* Task
Begin with the first line below and retype each line exactly through the line containing "male hands hold". Any pictures are to be left out.

* Raw data
++++++++++++++++++++
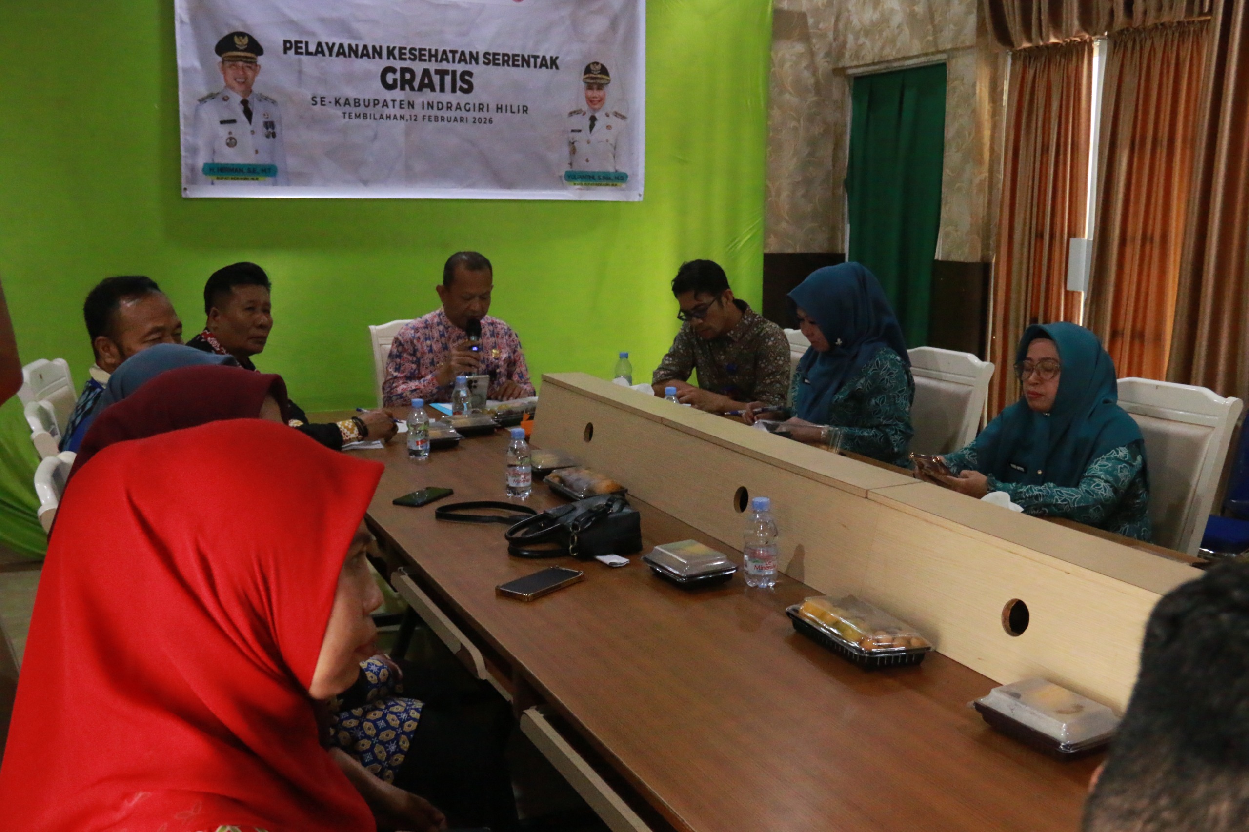 Bupati Indragiri Hilir, H. Herman, S.E., M.T., mengikuti pelaksanaan Pelayanan Keluarga Berencana (KB) dan Pelayanan Kesehatan Serentak melalui video conference dari Pekanbaru, Kamis (12/2/2026). Kegiatan ini diikuti secara virtual oleh para Camat serta Ketua Tim Penggerak PKK se-Kabupaten Indragiri Hilir.
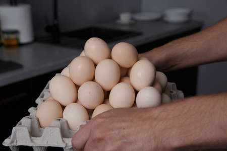 male hands hold a tray filled to the top with chicken eggs
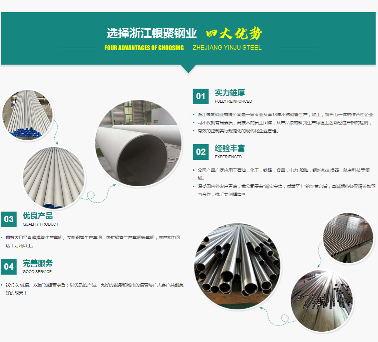 Copyright @ 浙江銀聚鋼業(yè)有限公司-不銹鋼管廠家 版權(quán)所有 | 單位地址:浙江省溫州市龍灣區(qū)永中街道 生產(chǎn)基地:浙江省麗水市龍泉市塔石鎮(zhèn)金崗工業(yè)園區(qū) 浙ICP備2021034082號(hào)-8
++++++++++++++++++++
* Answer below
 Bupati Indragiri Hilir, H. Herman, S.E., M.T., mengikuti pelaksanaan Pelayanan Keluarga Berencana (KB) dan Pelayanan Kesehatan Serentak melalui video conference dari Pekanbaru, Kamis (12/2/2026). Kegiatan ini diikuti secara virtual oleh para Camat serta Ketua Tim Penggerak PKK se-Kabupaten Indragiri Hilir.
 male hands hold a tray filled to the top with chicken eggs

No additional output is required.